Già nei primi anni 10 del Novecento la produzione cinematografica italiana include un nutrito numero di pellicole con marcati elementi riconducibili a quello che diverrà il giallo all'italiana, trasposte da opere letterarie o teatrali, quando non basate su sceneggiature inedite: La mano della morta del 1916, Il triangolo giallo e La banda dei rossi ne sono alcuni esempi.
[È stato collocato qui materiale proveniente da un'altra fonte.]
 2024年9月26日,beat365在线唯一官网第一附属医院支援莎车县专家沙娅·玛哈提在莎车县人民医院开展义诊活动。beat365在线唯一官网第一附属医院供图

Le trasposizioni in pellicola di opere letterarie firmate da pionieri del romanzo giallo italiano, come Carolina Invernizio, Emilio De Marchi, Giulio Piccini, Remigio Zena, Luigi Natoli, Arturo Olivieri Sangiacomo, Matilde Serao, Salvatore Farina e altri, porranno le basi per la strutturazione di un gusto popolare che, nel 1929, indurrà la casa editrice Arnoldo Mondadori Editore a lanciare la collana I libri gialli fornendo così le basi per ulteriori trasposizioni dal romanzo al film, grazie anche ad altri giallisti abili e prolifici come Alessandro Varaldo, Alessandro De Stefani, Tito A. Spagnol, Augusto De Angelis, Ezio D'Errico e Franco Enna.
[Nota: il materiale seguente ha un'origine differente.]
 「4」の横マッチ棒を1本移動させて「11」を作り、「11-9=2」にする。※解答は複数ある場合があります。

La produzione cinematografica s'intensifica ulteriormente con l'avvento del sonoro, rafforzandone le precondizioni stilistiche negli anni 40 e 50. Film come Corte d'Assise, Grattacieli, Stasera alle undici e Joe il rosso saranno seminali nella tipizzazione, allorché pellicole successive come Ai margini della metropoli, Un maledetto imbroglio, Il bivio, Persiane chiuse, Operazione Mitra, Terrore sulla città, Cronaca di un delitto e Pensione Edelweiss, solo per citarne alcuni, costituiranno un linguaggio cinematografico nitido, il protogiallo[2] per l'appunto, che sfocerà nel 1963 nella nascita formale del genere.
Nel 1963 Mario Bava porta sugli schermi il film La ragazza che sapeva troppo, interpretato da Valentina Cortese, John Saxon e Letícia Román: la storia, macabra e lievemente ironica, narra di un personaggio contorto e spaventoso che semina orrore e morte per le strade di Roma. L'opera è considerata a posteriori la capostipite del giallo all'italiana, quella che ha aperto la strada ad altri registi e pellicole simili. Sino ad allora infatti i film caratterizzati da elementi truculenti erano resi sempre un po' inverosimili e irreali per mezzo di ambientazioni gotiche o ambientate in epoche passate, creando così una sorta di distacco emotivo tra la vicenda e lo spettatore[3].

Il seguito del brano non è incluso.